== Segment start ==

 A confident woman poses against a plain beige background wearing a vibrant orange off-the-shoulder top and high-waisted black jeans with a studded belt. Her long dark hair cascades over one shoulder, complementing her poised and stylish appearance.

== Segment end ==
== Segment start ==

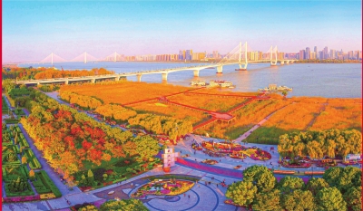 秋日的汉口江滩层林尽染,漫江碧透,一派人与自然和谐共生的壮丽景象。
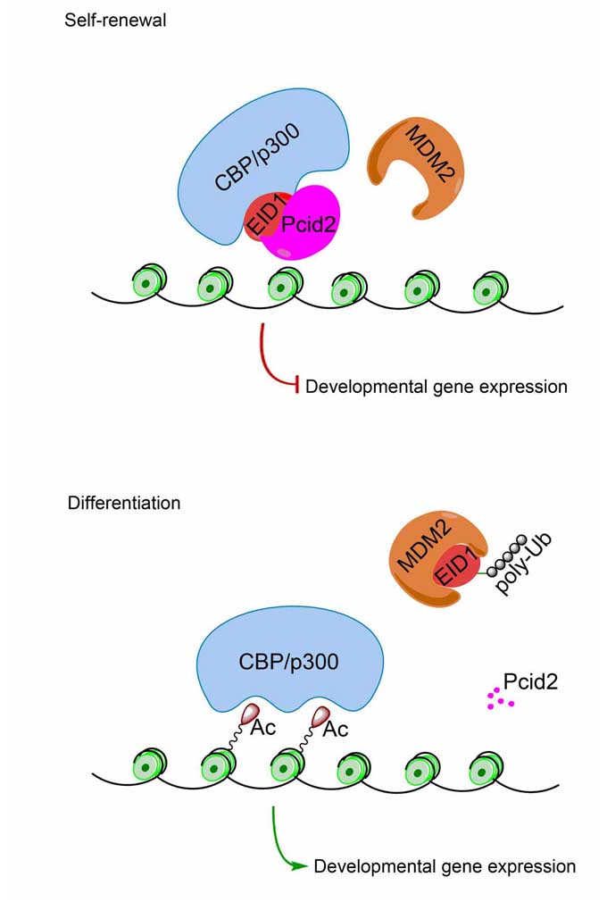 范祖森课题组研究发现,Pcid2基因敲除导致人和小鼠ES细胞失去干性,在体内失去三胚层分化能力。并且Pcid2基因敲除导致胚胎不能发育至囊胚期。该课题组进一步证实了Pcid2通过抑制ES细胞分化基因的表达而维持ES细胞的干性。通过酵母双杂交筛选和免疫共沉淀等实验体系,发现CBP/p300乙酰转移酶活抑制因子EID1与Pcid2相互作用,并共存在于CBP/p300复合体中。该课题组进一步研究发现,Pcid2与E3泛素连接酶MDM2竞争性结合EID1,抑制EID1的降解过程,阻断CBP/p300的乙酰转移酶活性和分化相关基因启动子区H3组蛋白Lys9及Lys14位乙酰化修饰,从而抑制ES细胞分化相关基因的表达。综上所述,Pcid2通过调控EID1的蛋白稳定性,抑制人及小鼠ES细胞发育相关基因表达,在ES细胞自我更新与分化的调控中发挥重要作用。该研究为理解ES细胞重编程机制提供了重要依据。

== Segment end ==

» **Work task**: In the data above, the stretch from the line with "秋日的汉口江滩层林尽染,漫江碧透,一派人与自然和谐共生的壮丽景象。" through the line with "范祖森课题组研究发现,Pci" is to be returned exactly, minus any pictures.

» **Task result**:
 秋日的汉口江滩层林尽染,漫江碧透,一派人与自然和谐共生的壮丽景象。
 范祖森课题组研究发现,Pcid2基因敲除导致人和小鼠ES细胞失去干性,在体内失去三胚层分化能力。并且Pcid2基因敲除导致胚胎不能发育至囊胚期。该课题组进一步证实了Pcid2通过抑制ES细胞分化基因的表达而维持ES细胞的干性。通过酵母双杂交筛选和免疫共沉淀等实验体系,发现CBP/p300乙酰转移酶活抑制因子EID1与Pcid2相互作用,并共存在于CBP/p300复合体中。该课题组进一步研究发现,Pcid2与E3泛素连接酶MDM2竞争性结合EID1,抑制EID1的降解过程,阻断CBP/p300的乙酰转移酶活性和分化相关基因启动子区H3组蛋白Lys9及Lys14位乙酰化修饰,从而抑制ES细胞分化相关基因的表达。综上所述,Pcid2通过调控EID1的蛋白稳定性,抑制人及小鼠ES细胞发育相关基因表达,在ES细胞自我更新与分化的调控中发挥重要作用。该研究为理解ES细胞重编程机制提供了重要依据。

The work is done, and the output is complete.